Some groups do that. Others don’t. If you just want blocks for study, GitHub and various universities have huge lists of [most of] them.

What does it even mean to modify those blocks? OK, you somehow scored the Cadence UART source and you found and fixed [ a bug in the errata ]. It’s not like you can patch < uart_fix.diff > /dev/cpu and get a chip that doesn’t require workarounds to not crash. See, “open source” in a chip just doesn’t mean the same thing as it does in software or even a hardware design. (Lots of PCB makers publish the schematics, gerbers, and other data needed to replicate their designs - that’s also awesome to study.)

You might not be able to get the source code for the exact Cadence UART that’s in JH-7110, but it’s not like open source UARTs are a rarity if you wanted to use another. GPIO, I2C, I2S, etc. are all commonly open source. Audio is difficult to navigate around license issues at the high end, but a basic player is possible. MOST of the blocks you need for a viable SOC have versions that are open enough. High speed RAM (like SRAM for caches and DDR4/DDR5 controllers, so you can interface with RAMs you can buy) tends to be pretty locked down. Building a VGA-level video controller is pretty easy, but cloning even a GTX-1080 is not.

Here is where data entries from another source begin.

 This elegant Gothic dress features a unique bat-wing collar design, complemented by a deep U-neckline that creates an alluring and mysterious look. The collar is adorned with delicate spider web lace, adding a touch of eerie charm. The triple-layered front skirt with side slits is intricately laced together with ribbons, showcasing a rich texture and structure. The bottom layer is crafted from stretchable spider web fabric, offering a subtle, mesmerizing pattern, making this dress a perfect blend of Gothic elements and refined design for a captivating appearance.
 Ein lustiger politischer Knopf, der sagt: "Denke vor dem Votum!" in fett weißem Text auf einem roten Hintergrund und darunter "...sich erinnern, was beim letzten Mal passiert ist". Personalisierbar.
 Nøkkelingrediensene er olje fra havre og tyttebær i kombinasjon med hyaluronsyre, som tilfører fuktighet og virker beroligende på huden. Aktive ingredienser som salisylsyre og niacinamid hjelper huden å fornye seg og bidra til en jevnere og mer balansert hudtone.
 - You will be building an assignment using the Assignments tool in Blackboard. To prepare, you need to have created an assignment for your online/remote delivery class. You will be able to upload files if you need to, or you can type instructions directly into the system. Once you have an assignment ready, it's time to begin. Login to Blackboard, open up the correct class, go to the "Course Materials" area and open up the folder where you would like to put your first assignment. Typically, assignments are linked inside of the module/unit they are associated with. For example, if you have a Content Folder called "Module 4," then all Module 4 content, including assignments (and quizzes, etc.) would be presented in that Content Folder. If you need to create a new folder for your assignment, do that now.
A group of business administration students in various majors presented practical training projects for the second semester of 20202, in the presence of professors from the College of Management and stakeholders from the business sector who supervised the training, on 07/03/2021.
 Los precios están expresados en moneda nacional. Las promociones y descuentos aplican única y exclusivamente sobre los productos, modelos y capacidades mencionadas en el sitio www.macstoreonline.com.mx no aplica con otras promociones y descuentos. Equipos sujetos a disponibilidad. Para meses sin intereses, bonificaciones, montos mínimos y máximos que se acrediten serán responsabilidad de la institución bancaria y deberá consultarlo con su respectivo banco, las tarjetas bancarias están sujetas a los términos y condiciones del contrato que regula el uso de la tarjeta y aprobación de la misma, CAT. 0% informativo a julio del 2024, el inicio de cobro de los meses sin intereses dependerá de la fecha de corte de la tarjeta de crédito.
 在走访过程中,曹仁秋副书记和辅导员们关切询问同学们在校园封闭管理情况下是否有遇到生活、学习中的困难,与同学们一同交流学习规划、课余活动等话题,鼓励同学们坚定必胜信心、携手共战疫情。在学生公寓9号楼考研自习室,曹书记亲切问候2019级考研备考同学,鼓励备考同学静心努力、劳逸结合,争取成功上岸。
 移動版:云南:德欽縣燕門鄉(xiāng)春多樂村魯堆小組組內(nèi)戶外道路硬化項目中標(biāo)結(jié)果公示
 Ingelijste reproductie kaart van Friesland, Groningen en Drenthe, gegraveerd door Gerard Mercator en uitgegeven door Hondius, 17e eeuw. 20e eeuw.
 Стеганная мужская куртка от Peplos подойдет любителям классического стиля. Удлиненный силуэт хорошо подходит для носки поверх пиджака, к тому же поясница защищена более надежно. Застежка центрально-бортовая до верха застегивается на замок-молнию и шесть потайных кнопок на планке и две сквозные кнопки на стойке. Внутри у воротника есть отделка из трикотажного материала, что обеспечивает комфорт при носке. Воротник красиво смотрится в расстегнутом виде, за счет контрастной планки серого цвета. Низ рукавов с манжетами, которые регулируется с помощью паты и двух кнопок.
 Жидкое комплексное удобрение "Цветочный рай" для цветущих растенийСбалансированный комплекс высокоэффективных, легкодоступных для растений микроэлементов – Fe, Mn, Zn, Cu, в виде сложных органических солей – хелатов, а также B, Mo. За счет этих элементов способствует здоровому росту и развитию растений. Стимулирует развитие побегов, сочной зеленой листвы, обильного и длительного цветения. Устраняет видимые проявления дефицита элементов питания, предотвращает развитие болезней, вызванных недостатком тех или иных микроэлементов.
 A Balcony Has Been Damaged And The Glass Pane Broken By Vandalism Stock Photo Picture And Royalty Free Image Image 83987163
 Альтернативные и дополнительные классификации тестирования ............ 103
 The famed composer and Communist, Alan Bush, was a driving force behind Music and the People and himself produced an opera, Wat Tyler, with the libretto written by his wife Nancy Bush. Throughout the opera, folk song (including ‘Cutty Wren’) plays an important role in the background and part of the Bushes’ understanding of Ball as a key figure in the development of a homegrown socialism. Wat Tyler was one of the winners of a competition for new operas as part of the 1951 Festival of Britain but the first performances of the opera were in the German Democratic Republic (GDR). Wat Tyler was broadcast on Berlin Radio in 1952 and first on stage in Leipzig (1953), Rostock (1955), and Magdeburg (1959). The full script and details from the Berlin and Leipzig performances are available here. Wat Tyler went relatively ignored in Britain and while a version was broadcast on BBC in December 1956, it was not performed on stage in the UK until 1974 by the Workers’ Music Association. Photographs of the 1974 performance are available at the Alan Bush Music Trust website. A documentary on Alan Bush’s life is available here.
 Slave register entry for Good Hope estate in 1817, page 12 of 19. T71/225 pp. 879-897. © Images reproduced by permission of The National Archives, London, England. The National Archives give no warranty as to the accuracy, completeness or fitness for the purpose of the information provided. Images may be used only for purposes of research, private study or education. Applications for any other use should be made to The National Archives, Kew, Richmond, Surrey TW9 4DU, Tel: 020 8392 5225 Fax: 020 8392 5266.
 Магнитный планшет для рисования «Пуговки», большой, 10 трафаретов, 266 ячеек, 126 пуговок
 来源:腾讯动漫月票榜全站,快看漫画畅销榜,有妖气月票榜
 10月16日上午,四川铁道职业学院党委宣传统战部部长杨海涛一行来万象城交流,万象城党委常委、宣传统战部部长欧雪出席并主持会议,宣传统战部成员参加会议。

So if you really are looking for blocks to learn from, there are rich choices. You can synthesize them onto a $50 FPGA and have a system that’ll boot and run your favorite OS at dozens of Mhz and learn plenty in the process.

The difference between a $50 qty FPGA and a $3 SOC at a Ghz is probably about $15-20M. Price lists for these things can be found if you really want to run with it.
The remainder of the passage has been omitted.